I think one of them is related to multitarget attacks and the other is related to collision attacks. But I cannot find how hash based crypto related to hash collisions.
1-) Consider the following Lamport one time signature scheme
- Assume a 128 bit hash function $H$ is used
- Randomly choose $p_i$ and $r_i $ for $1\leq i \leq 128$
- $SK=\{(p_i,r_i)\}_i$ is the secret key and $PK=\{(H(p_i),H(r_i))\}_i$ is the public key.
- For the message $M$, we take the hash $h=H(M)$. Let $h=h_1h_2\cdots h_{128}$
- For signing $M$, we publish $p_i$ if $h_i=0$ and $r_i$ if $h_i=1$ for each $i$.
How the adversary can apply $2^{64}$-cost attack?

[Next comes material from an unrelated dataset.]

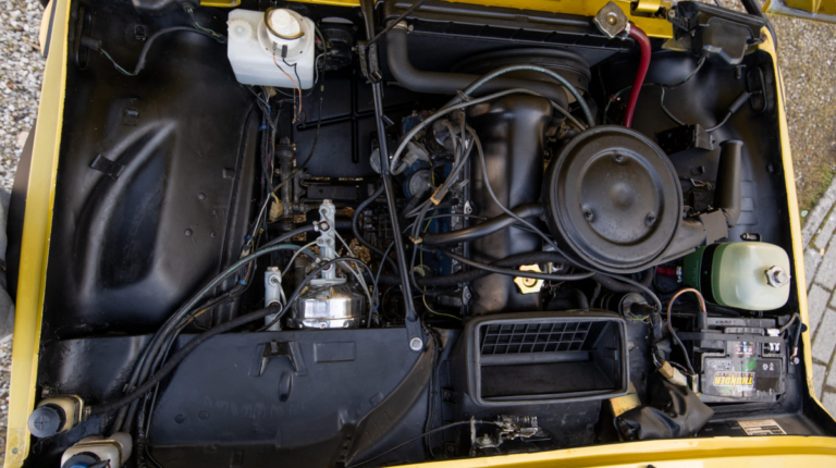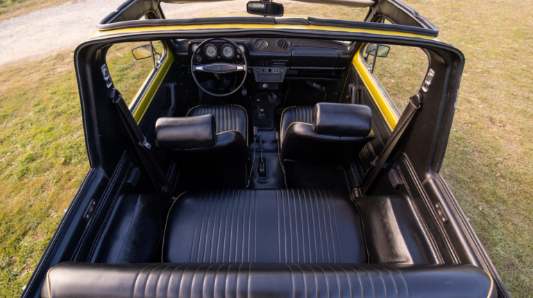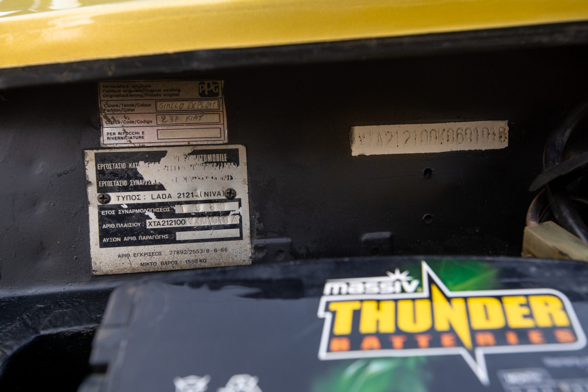 И неслучайно машину окрасили в эффектный цвет «канарейка» (код краски 237 Fiat), о чем свидетельствует соответствующая табличка под капотом. И произошло это, судя по объявлению, совсем недавно – в 2018 году. Под капотом также имеется и греческая табличка.

What is the security of this scheme? (I think 120-bit because multitarget applies i.e. it is enough to find at least one of $p_i,r_i$'s. A random guess has prob $\frac{256}{2^{128}}$)
2-) Consider the original Merkle tree with $2^{10}$ Lamport one time signatures without bitmasks with hash function $H$ used above. What is the security of this scheme? (Similar to above we have 120-t bit security after $2^t$ signatures because $\frac{256\cdot 2^t}{2^{128}}$)
I think if we use keyed hash OR bitmasks here, the security of this scheme will be 128-bit. So why we need both?
OR, what is the security of SPHINCS+ without keyed hash or bitmasks?